Start of Entries supplied
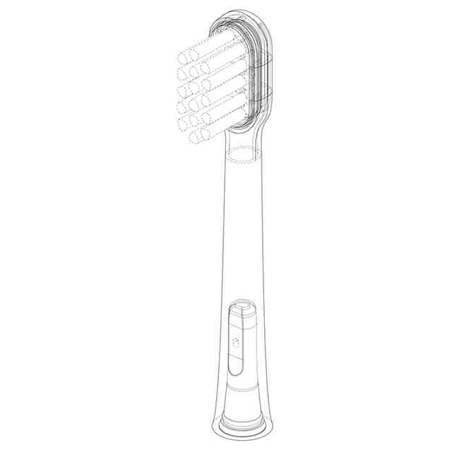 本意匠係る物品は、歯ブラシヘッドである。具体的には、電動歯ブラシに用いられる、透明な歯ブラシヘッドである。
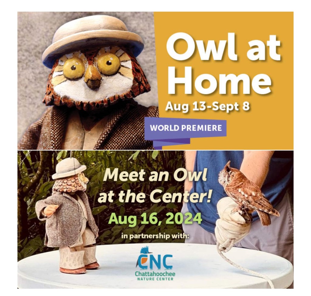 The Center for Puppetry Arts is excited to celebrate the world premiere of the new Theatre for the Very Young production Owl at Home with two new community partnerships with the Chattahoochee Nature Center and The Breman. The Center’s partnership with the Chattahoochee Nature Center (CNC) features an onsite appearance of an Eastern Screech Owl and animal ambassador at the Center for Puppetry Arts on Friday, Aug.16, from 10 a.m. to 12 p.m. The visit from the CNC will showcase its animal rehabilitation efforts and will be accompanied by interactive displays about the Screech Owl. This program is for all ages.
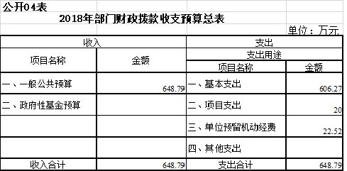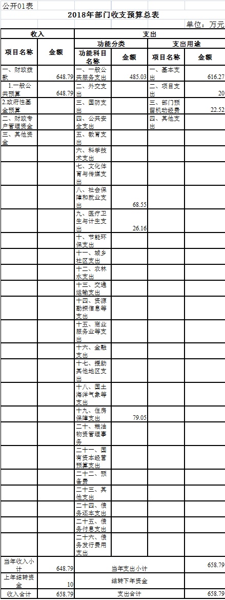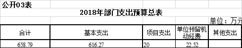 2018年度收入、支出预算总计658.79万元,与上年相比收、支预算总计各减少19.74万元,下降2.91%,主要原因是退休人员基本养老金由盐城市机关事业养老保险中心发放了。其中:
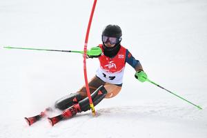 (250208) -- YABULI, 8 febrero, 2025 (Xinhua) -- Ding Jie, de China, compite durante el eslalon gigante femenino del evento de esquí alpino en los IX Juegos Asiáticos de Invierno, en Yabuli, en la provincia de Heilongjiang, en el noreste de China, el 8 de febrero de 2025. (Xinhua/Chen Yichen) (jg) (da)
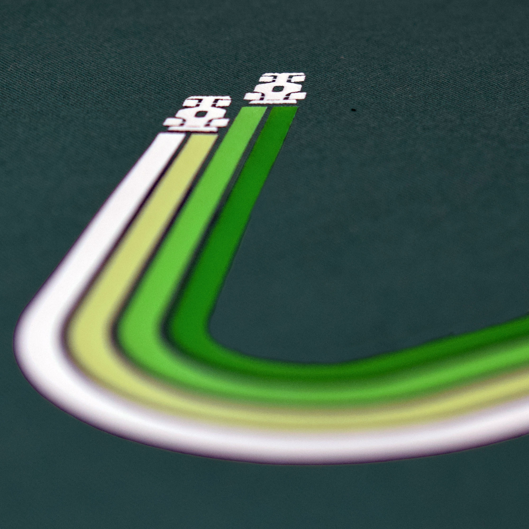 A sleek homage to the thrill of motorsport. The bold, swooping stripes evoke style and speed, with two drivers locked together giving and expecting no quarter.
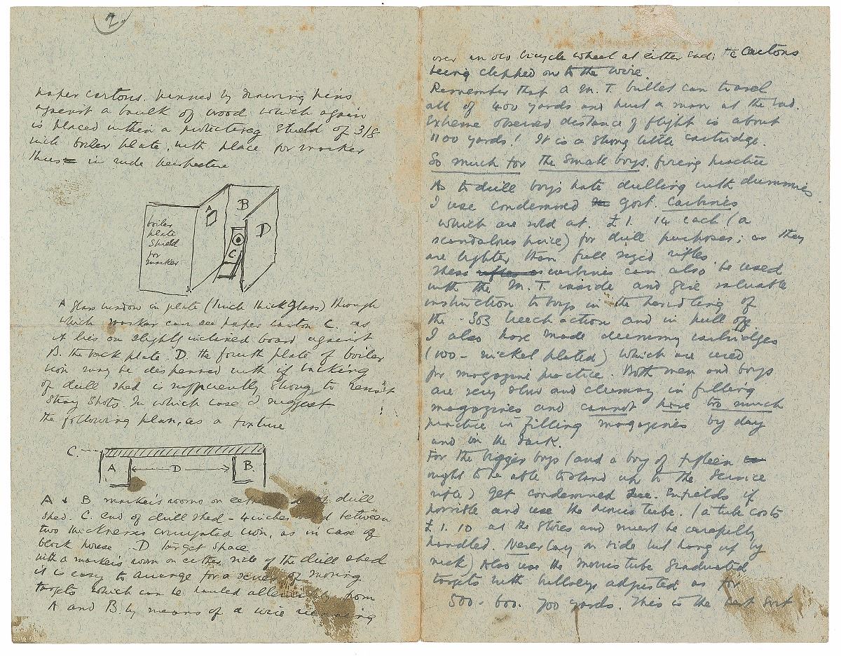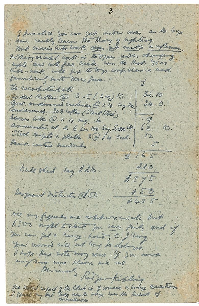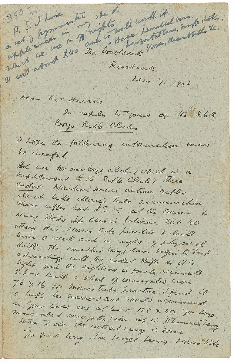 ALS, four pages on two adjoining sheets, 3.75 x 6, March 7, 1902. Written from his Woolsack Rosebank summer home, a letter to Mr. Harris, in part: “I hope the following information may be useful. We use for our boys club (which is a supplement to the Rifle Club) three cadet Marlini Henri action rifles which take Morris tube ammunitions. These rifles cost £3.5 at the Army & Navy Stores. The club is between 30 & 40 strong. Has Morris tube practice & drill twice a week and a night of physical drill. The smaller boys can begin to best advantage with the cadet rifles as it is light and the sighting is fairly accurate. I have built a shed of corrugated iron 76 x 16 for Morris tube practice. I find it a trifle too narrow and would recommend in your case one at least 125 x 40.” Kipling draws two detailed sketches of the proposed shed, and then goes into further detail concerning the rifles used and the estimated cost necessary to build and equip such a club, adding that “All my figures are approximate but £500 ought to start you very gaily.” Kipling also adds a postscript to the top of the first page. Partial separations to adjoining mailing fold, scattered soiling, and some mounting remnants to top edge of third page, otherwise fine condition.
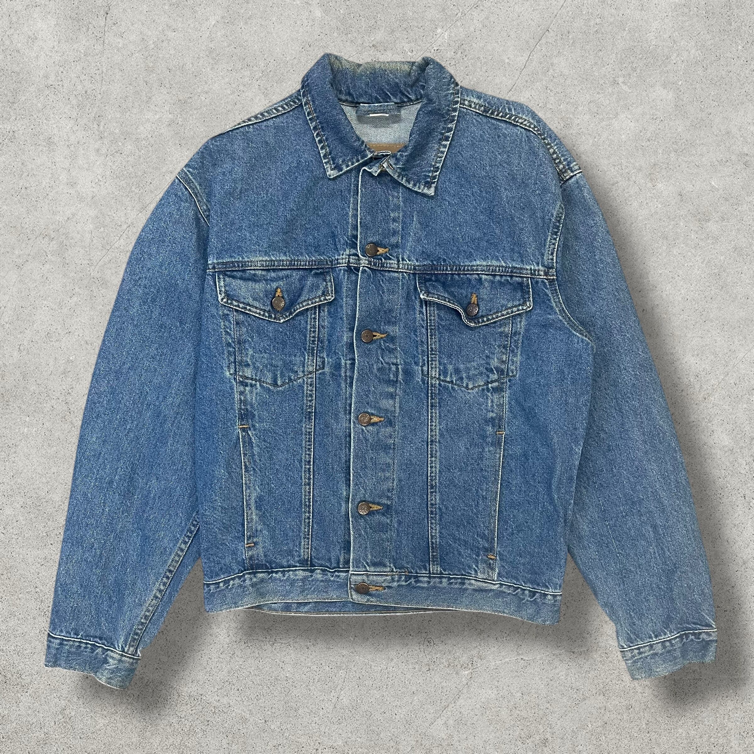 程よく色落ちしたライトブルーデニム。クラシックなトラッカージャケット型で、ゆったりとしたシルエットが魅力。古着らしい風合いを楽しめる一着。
End of Entries supplied
## Task directions
Output the full material exactly as given, without its pictures.

## Response to the task
 本意匠係る物品は、歯ブラシヘッドである。具体的には、電動歯ブラシに用いられる、透明な歯ブラシヘッドである。
 The Center for Puppetry Arts is excited to celebrate the world premiere of the new Theatre for the Very Young production Owl at Home with two new community partnerships with the Chattahoochee Nature Center and The Breman. The Center’s partnership with the Chattahoochee Nature Center (CNC) features an onsite appearance of an Eastern Screech Owl and animal ambassador at the Center for Puppetry Arts on Friday, Aug.16, from 10 a.m. to 12 p.m. The visit from the CNC will showcase its animal rehabilitation efforts and will be accompanied by interactive displays about the Screech Owl. This program is for all ages.
 2018年度收入、支出预算总计658.79万元,与上年相比收、支预算总计各减少19.74万元,下降2.91%,主要原因是退休人员基本养老金由盐城市机关事业养老保险中心发放了。其中:
 (250208) -- YABULI, 8 febrero, 2025 (Xinhua) -- Ding Jie, de China, compite durante el eslalon gigante femenino del evento de esquí alpino en los IX Juegos Asiáticos de Invierno, en Yabuli, en la provincia de Heilongjiang, en el noreste de China, el 8 de febrero de 2025. (Xinhua/Chen Yichen) (jg) (da)
 A sleek homage to the thrill of motorsport. The bold, swooping stripes evoke style and speed, with two drivers locked together giving and expecting no quarter.
 ALS, four pages on two adjoining sheets, 3.75 x 6, March 7, 1902. Written from his Woolsack Rosebank summer home, a letter to Mr. Harris, in part: “I hope the following information may be useful. We use for our boys club (which is a supplement to the Rifle Club) three cadet Marlini Henri action rifles which take Morris tube ammunitions. These rifles cost £3.5 at the Army & Navy Stores. The club is between 30 & 40 strong. Has Morris tube practice & drill twice a week and a night of physical drill. The smaller boys can begin to best advantage with the cadet rifles as it is light and the sighting is fairly accurate. I have built a shed of corrugated iron 76 x 16 for Morris tube practice. I find it a trifle too narrow and would recommend in your case one at least 125 x 40.” Kipling draws two detailed sketches of the proposed shed, and then goes into further detail concerning the rifles used and the estimated cost necessary to build and equip such a club, adding that “All my figures are approximate but £500 ought to start you very gaily.” Kipling also adds a postscript to the top of the first page. Partial separations to adjoining mailing fold, scattered soiling, and some mounting remnants to top edge of third page, otherwise fine condition.
 程よく色落ちしたライトブルーデニム。クラシックなトラッカージャケット型で、ゆったりとしたシルエットが魅力。古着らしい風合いを楽しめる一着。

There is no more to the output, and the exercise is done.